Ask Me Anything (AMA): How to Conduct Efficient Data Cleanup
Rachael Cristine Woody
Continuing our follow up to the “Ask Me Anything: How to Prepare for a New CMS” webinar, this post will address questions we received in order to provide additional insight, strategies, and resources regarding data clean up.
Today’s post is about how to conduct efficient data cleanup in preparation for a new museum Collections Management System (CMS). Specifically, questions regarding Microsoft Excel and similar data query and transformation tools.
Q. Are there any recommended queries to run or tools to use in Excel to help streamline the process?
First, begin with the tried-and-true Excel tools. If you’re not familiar with Excel or its more advanced functions, testing with a set of copied or dummy data will allow you to execute functions and see their effect. A lot of data transformation experts start with and continue to use test data and experimentation to hone their efficacy in data remediation (aka cleanup).
Option 1: Excel Spreadsheet
- Freeze views: will allow you to freeze columns and/or rows so that you can compare expansive data with identifying data.
- Filters: will support the filtering of data so that you can focus on specific areas of cleanup where the cleanup needs are likely the same.
- Find and replace: will help you both find and (if desired) replace data that may be inaccurate or incomplete. This is a huge timesaver for repeat data that needs to be updated.
- Remove duplicates: will help identify and give you the option to remove duplicative data.
- Sorting: will allow you to sort data into sets that share similar characteristics.
- Text to columns: will allow you to split up multiple values of data within one cell (aka catalog field).
If you’re more familiar with Excel or wish to learn about some of the more powerful functionality, then launch Excel Power Query Editor from the Excel menu and select your data spreadsheet as the source. There are hundreds, if not thousands, of helpful instructions, forums, and how to videos on all available functions. In addition to playing with test data, it’s worth learning more about each of these functions as they can do quite a bit of heavy lifting in the data remediation department.
Option 2: Excel Power Query Editor
- Create a step or query script: A complex multi-step cleanup process can be tracked and augmented at any step, as well as be saved and replicated with other data sets.

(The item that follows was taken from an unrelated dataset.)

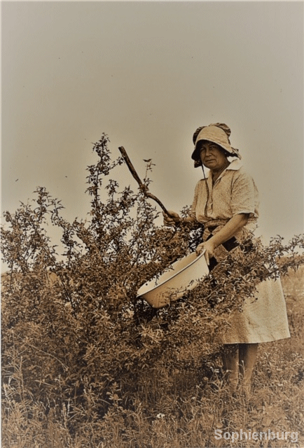 I have many good childhood memories of harvesting the tasty berries. Riding on the back of Grandpa’s pickup truck to “a spot” with lots of agarita bushes, my Grandma, aunties and cousins and I would traipse through pastures thick with mesquite and prickly pear. At a nice full bush, we’d carefully spread a big old sheet underneath the prickly branches and “beat the bush” with and old wood pole to cause the berries to fall. The filled sheet was gathered in and the results poured into big buckets. One by one, each agarita bush was attacked until all the buckets were full. We’d jump back on the truck for the trip home to Grandma’s house where the sheets would be spread out again on the grass. The aunties would pour out the buckets and scatter the berries and leaves over the cloths.
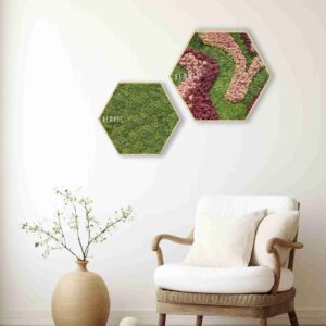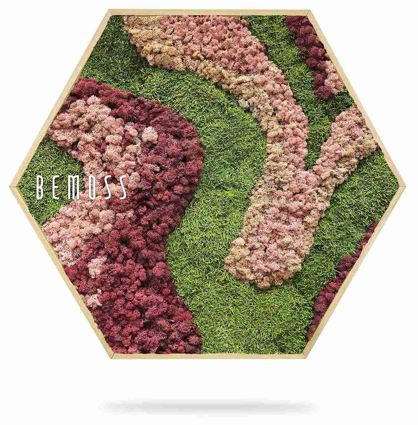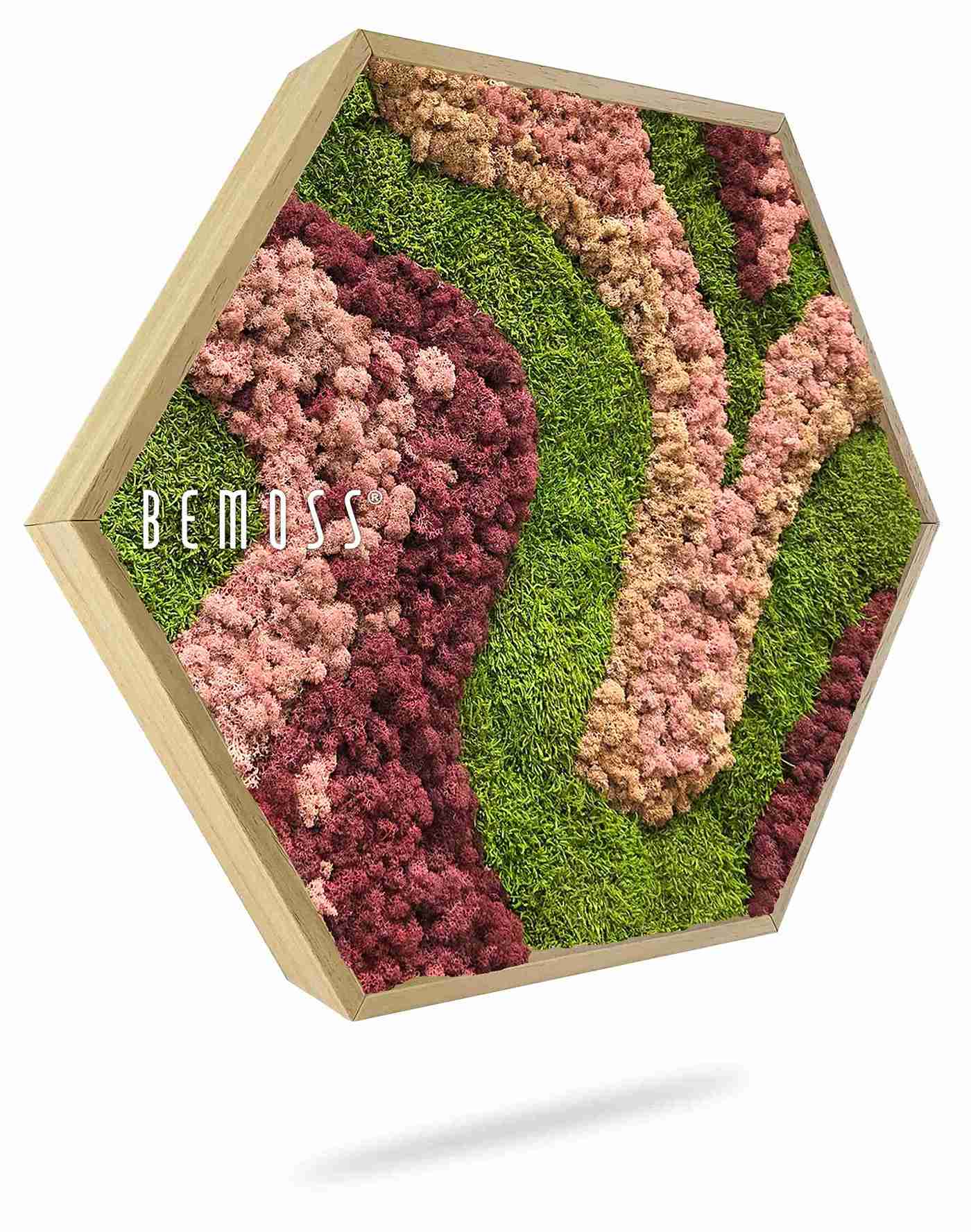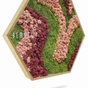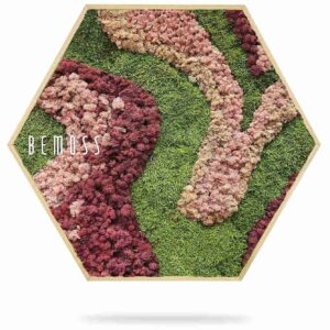 Verleihen Sie Ihrem Interieur zarte Rosatöne mit dem Moosbild BEMOSS® ORTHO ARROSA! Dieses handgefertigte Stück vereint kontrastierende Burgunder- und pudrige Rosatöne mit natürlichem Grün, was einen wunderschönen visuellen Effekt erzeugt. Hergestellt aus 100% natürlichem stabilisiertem Moos, ist es pflegefrei und hypoallergen, sodass es die Schönheit der Natur ohne Sorgen bringt.

- Change the data type: will allow you to select a different type of data format, such as text, numbers, currency, date, etc.
- Group data: will support the gathering of similar data based on the isolated characteristics of the data.
- Mark data as a key: will allow the identification of a key that holds a relationship between data tables.
- Mass adjust formatting or cleanse text: will force or correct a data format change or remove control characters from the text value.
- Split data with selection of how: will allow you to split up multiple values of data within one cell (aka catalog field); however, with more controlled nuance than available in basic Excel. It will also allow you to extract text before, between, or after delimiters.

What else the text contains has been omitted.